[Collected data]
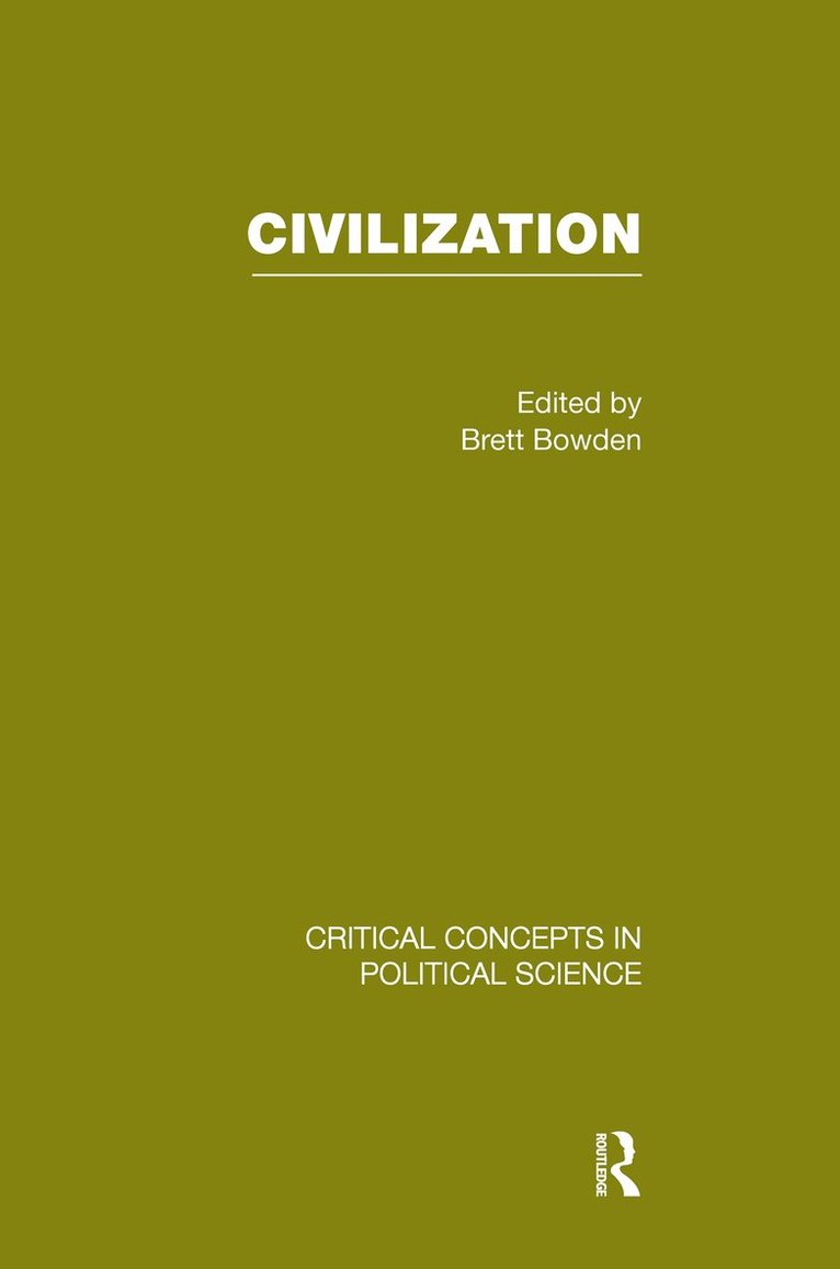 Especially since the end of the Cold War, the concept of ‘civilization’ has been frequently deployed by those who seek to describe and explain the world in which we live. The events of 11 September 2001, and the subsequent ‘war on terror’, have further elevated the concept's use in the discourse of politics and international relations. There has, for instance, been feverish speculation and increasingly heated rhetoric about struggles ‘for civilization’ or a possible ‘clash of civilizations’, particularly between the West and the Islamic world. The term is used both to describe—and to cast value-laden judgements about—people, places, and events. It is often misinterpreted and misapplied, with sometimes dangerous consequences.In response to the revival and misuse of ‘civilization’, this new four-volume collection from Routledge Major Works meets the need for an authoritative reference work to make sense of a vast and growing scholarly literature. It brings together canonical and the best cutting-edge research to provide a comprehensive overview of the origins, contested meanings, contextual applications, and general history of this critical concept.Volume I (‘The Origins and Meaning of Civilization’) is made up of the best work from a distinguished line-up of political scientists, philosophers, historians, sociologists, and linguists. It outlines the origins of the concept and its many and disputed meanings. This first volume establishes the foundations on which much of the analysis included in the three subsequent volumes is based. Volume II (‘Civilization, Civilizations, Progress, and History’) includes a range of materials that intimately outline the relationship between the ideal of civilization and the idea of progress, including progress in the social, cultural, moral, scientific, and political realms. Research gathered here further examines how the concepts of civilization and progress in turn relate to the more general passage of history, particularly the idea of history with a purpose. Volume III (‘Civilization and its Others’) brings together the best scholarship to explore what civilization is not. The scholarship collected here comes from some of history’s most distinguished political scientists, leading international lawyers, anthropologists, and controversial ethnologists. Can one, for example, usefully draw a distinction between civilized, savage, and barbarian peoples? The final volume (‘Civilizational Relations: Past, Present, and Future’) enables researchers and students to navigate through the equally sensitive field of historical and contemporary relations between the world’s major civilizations or religio-cultural groups. It includes the catalysts of debates such as ‘the clash-of-civilizations thesis’ and the responses it has provoked.With a full index, together with a comprehensive introduction, newly written by the editor, which places the collected material in its historical and intellectual context, Civilization is an essential work of reference. It is destined to be valued by scholars, students, and researchers of politics, political philosophy, and international relations—as well as those working in allied disciplines such as security studies and international law—as a vital research resource.
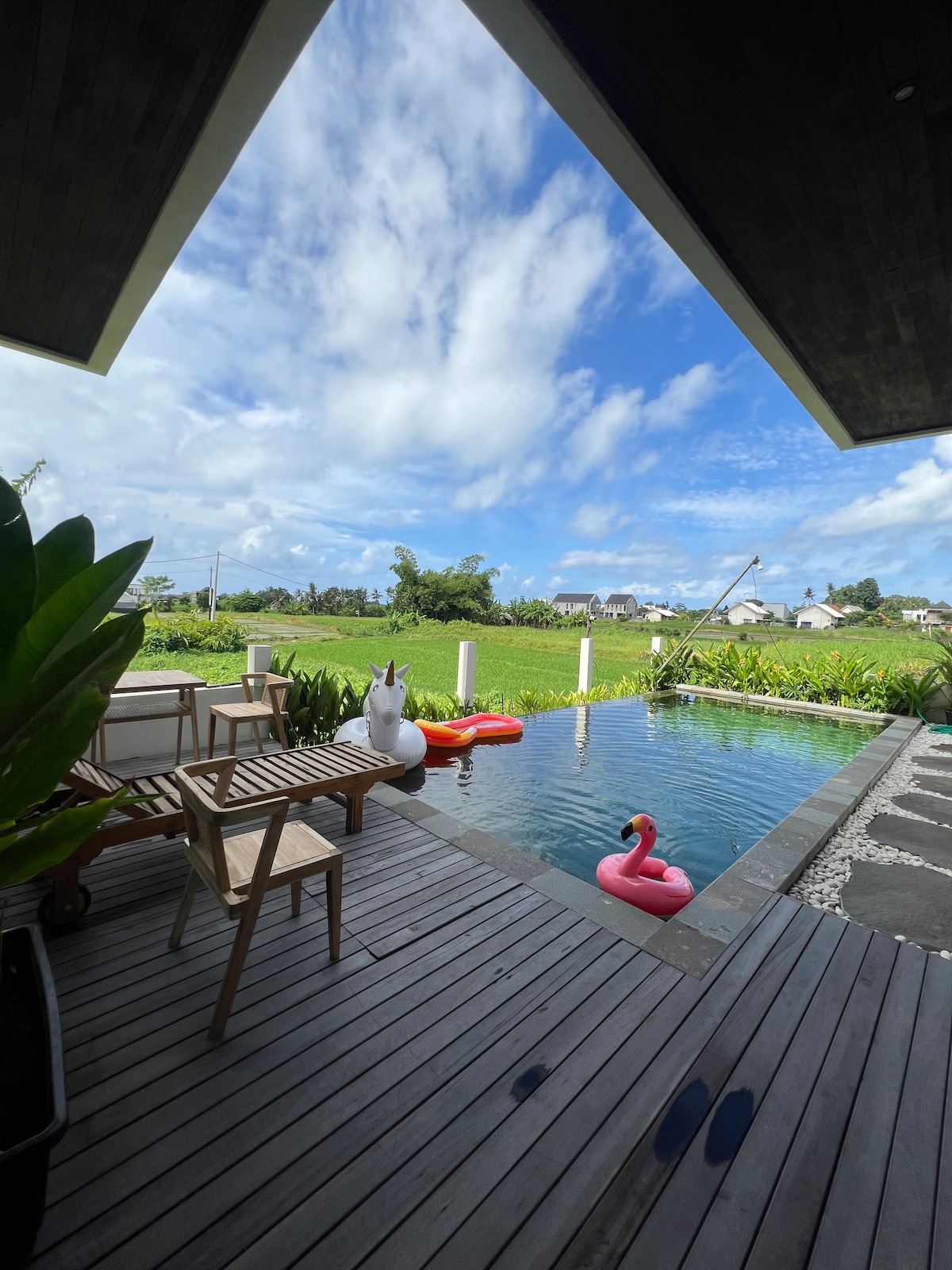 Welcome to Lumix Residence, a boutique-hotel retreat featuring four elegant apartments surrounded by tropical charm. Refresh yourself in our spacious marble pool, filled with crystal-clear mountain water, and experience true relaxation in a serene natural setting. Unwind on our rooftop terrace overlooking peaceful rice fields and sea views, the perfect spot to watch the sunrise with your morning coffee or take in the sunset as the day fades away!
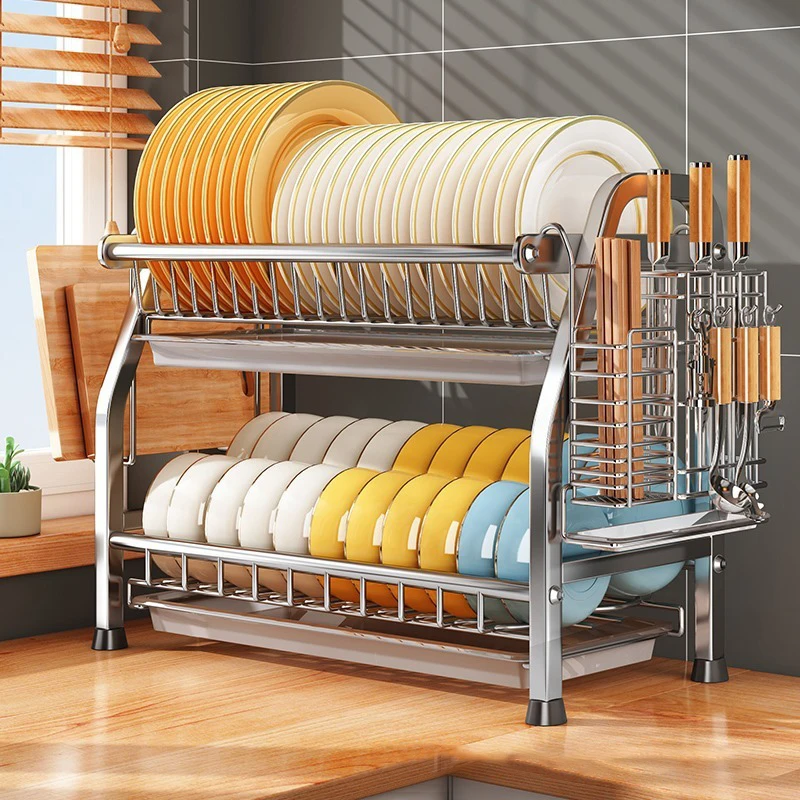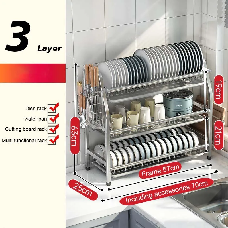 Modern 3-Tier Stainless Steel Dish Drying Rack with Drainer Foldable Kitchen Organizer and Holder for Bowls Plates Utensils
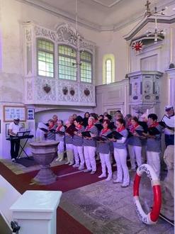 Am Dienstag, den 13. Mai 2025 lud der Geiseltal-Chor Mücheln e.V. zu einem Konzert in die Kirche ein. Zahlreiche Gäste füllten die Bänke und wurden mit einem stimmungsvollen Shanty-Programm begeistert. Die Sängerinnen und Sänger präsentierten ihr Repertoire mit spürbarer Leidenschaft. Der Funke sprang schnell über und der Kirchenraum wurde wieder von fröhlichem Gesang erfüllt.
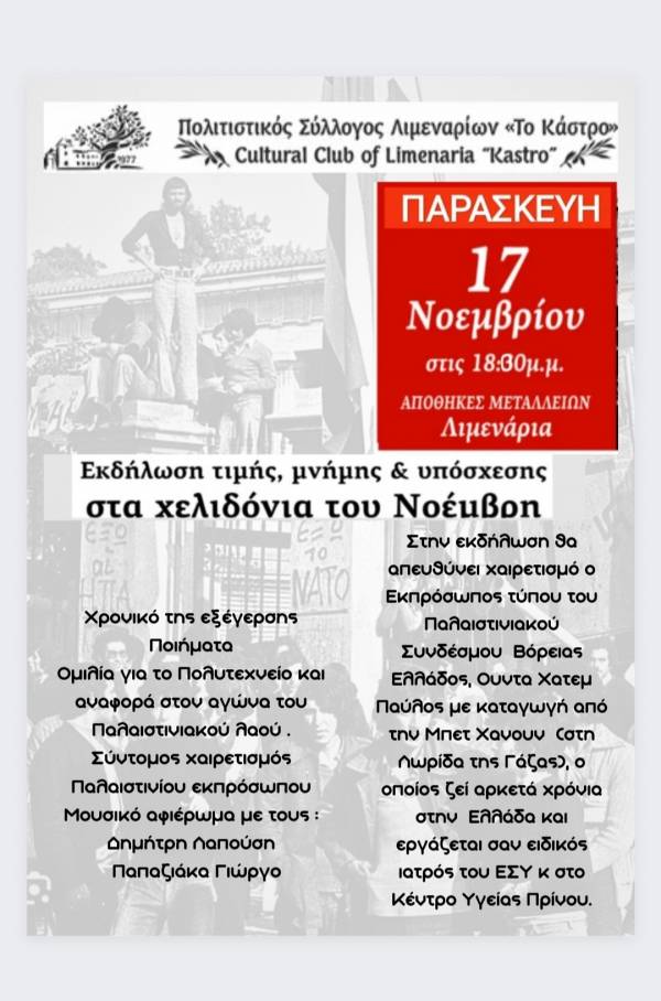 Πρόγραμμα εκδήλωσης: Χρονικό της εξέγερσης, Ποιήματα, Ομιλία για το Πολυτεχνείο και αναφορά στον αγώνα του Παλαιστινιακού λαού.

TASK GOAL | Exact duplicates of all the entries are required, and no image may appear in them.

ANSWER TO THE PROBLEM |
 Especially since the end of the Cold War, the concept of ‘civilization’ has been frequently deployed by those who seek to describe and explain the world in which we live. The events of 11 September 2001, and the subsequent ‘war on terror’, have further elevated the concept's use in the discourse of politics and international relations. There has, for instance, been feverish speculation and increasingly heated rhetoric about struggles ‘for civilization’ or a possible ‘clash of civilizations’, particularly between the West and the Islamic world. The term is used both to describe—and to cast value-laden judgements about—people, places, and events. It is often misinterpreted and misapplied, with sometimes dangerous consequences.In response to the revival and misuse of ‘civilization’, this new four-volume collection from Routledge Major Works meets the need for an authoritative reference work to make sense of a vast and growing scholarly literature. It brings together canonical and the best cutting-edge research to provide a comprehensive overview of the origins, contested meanings, contextual applications, and general history of this critical concept.Volume I (‘The Origins and Meaning of Civilization’) is made up of the best work from a distinguished line-up of political scientists, philosophers, historians, sociologists, and linguists. It outlines the origins of the concept and its many and disputed meanings. This first volume establishes the foundations on which much of the analysis included in the three subsequent volumes is based. Volume II (‘Civilization, Civilizations, Progress, and History’) includes a range of materials that intimately outline the relationship between the ideal of civilization and the idea of progress, including progress in the social, cultural, moral, scientific, and political realms. Research gathered here further examines how the concepts of civilization and progress in turn relate to the more general passage of history, particularly the idea of history with a purpose. Volume III (‘Civilization and its Others’) brings together the best scholarship to explore what civilization is not. The scholarship collected here comes from some of history’s most distinguished political scientists, leading international lawyers, anthropologists, and controversial ethnologists. Can one, for example, usefully draw a distinction between civilized, savage, and barbarian peoples? The final volume (‘Civilizational Relations: Past, Present, and Future’) enables researchers and students to navigate through the equally sensitive field of historical and contemporary relations between the world’s major civilizations or religio-cultural groups. It includes the catalysts of debates such as ‘the clash-of-civilizations thesis’ and the responses it has provoked.With a full index, together with a comprehensive introduction, newly written by the editor, which places the collected material in its historical and intellectual context, Civilization is an essential work of reference. It is destined to be valued by scholars, students, and researchers of politics, political philosophy, and international relations—as well as those working in allied disciplines such as security studies and international law—as a vital research resource.
 Welcome to Lumix Residence, a boutique-hotel retreat featuring four elegant apartments surrounded by tropical charm. Refresh yourself in our spacious marble pool, filled with crystal-clear mountain water, and experience true relaxation in a serene natural setting. Unwind on our rooftop terrace overlooking peaceful rice fields and sea views, the perfect spot to watch the sunrise with your morning coffee or take in the sunset as the day fades away!
 Modern 3-Tier Stainless Steel Dish Drying Rack with Drainer Foldable Kitchen Organizer and Holder for Bowls Plates Utensils
 Am Dienstag, den 13. Mai 2025 lud der Geiseltal-Chor Mücheln e.V. zu einem Konzert in die Kirche ein. Zahlreiche Gäste füllten die Bänke und wurden mit einem stimmungsvollen Shanty-Programm begeistert. Die Sängerinnen und Sänger präsentierten ihr Repertoire mit spürbarer Leidenschaft. Der Funke sprang schnell über und der Kirchenraum wurde wieder von fröhlichem Gesang erfüllt.
 Πρόγραμμα εκδήλωσης: Χρονικό της εξέγερσης, Ποιήματα, Ομιλία για το Πολυτεχνείο και αναφορά στον αγώνα του Παλαιστινιακού λαού.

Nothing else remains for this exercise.